Compounding those challenges, organizations today face a daunting regulatory environment. Mark Melodia, a partner at Reed Smith, joked that the regulatory environment is so dynamic that it's difficult to create a slide for a webcast that's not out of date by the time it's typed up. He cited recent pronouncements from the FTC and new requirements surrounding HIIPA and patient privacy in the healthcare industry (the topic of an upcoming Exterro webcast). Beyond U.S. regulations, large organizations operate on a global scale and must also consider the specific laws of individual countries or regions.

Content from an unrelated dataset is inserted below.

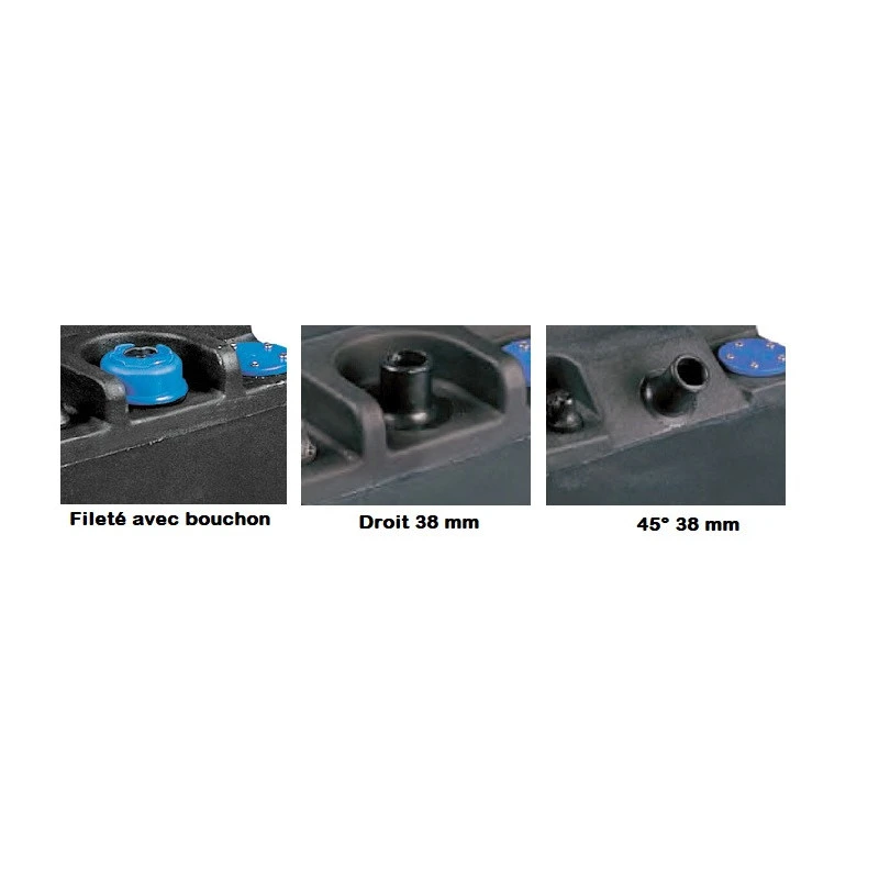 – 3 entrées remplissages : Fileté avec bouchon, Ø 38 mm droite, Ø 38 mm 45 °

“When you go across borders it gets all the more complex….the kind of digitized information we're talking about is inherently not national in scope," Melodia said. “Our privacy laws, and to some extent our security laws, look at things as if national borders matter to data." He added that the increasing popularity of the Cloud further complicates cross-border issues, since it's not always clear what specific laws apply to cloud-based data.

E-Discovery Best Practices for Dealing with the Big Data Challenge

At the conclusion of the webcast, the speakers provided some best practices for handling information governance and e-discovery in a Big Data environment. There suggestions included:

  • Automating the Legal Hold Process: One of the challenges of Big Data is making sure that all potentially relevant ESI is accounted for and preserved when litigation arises. E-Discovery requests today implicate too much data and too many custodians to be managed through emails and spreadsheets. Automated systems help track responses and facilitate follow up reminders and escalations, which eliminate the manual work that leads to errors and oversights.
  • Utilizing Predictive Technologies: One of the central e-discovery challenges of Big Data is extracting relevant information out of increasingly voluminous data sets. Any lawyer knows that relevant ESI must be found quickly. Manually sifting through millions of documents is overly time consuming and expensive. Predictive technologies offer tremendous promise not only as a means for quickly identifying relevant information but also in an information governance context, to help proactively manage and categorize ESI at its source.
  • Integrating Systems: Data handoffs between systems are the minefields of e-discovery. Extracting large volumes of data from one system and dumping it into another isn't only tedious, it's also very risky and can easily lead to lost or altered ESI. Having an integrated e-discovery platform that connects with common data sources and other e-discovery and information governance tools reduces the inherent risks of data transfer and provides centralized visibility into the process as a whole.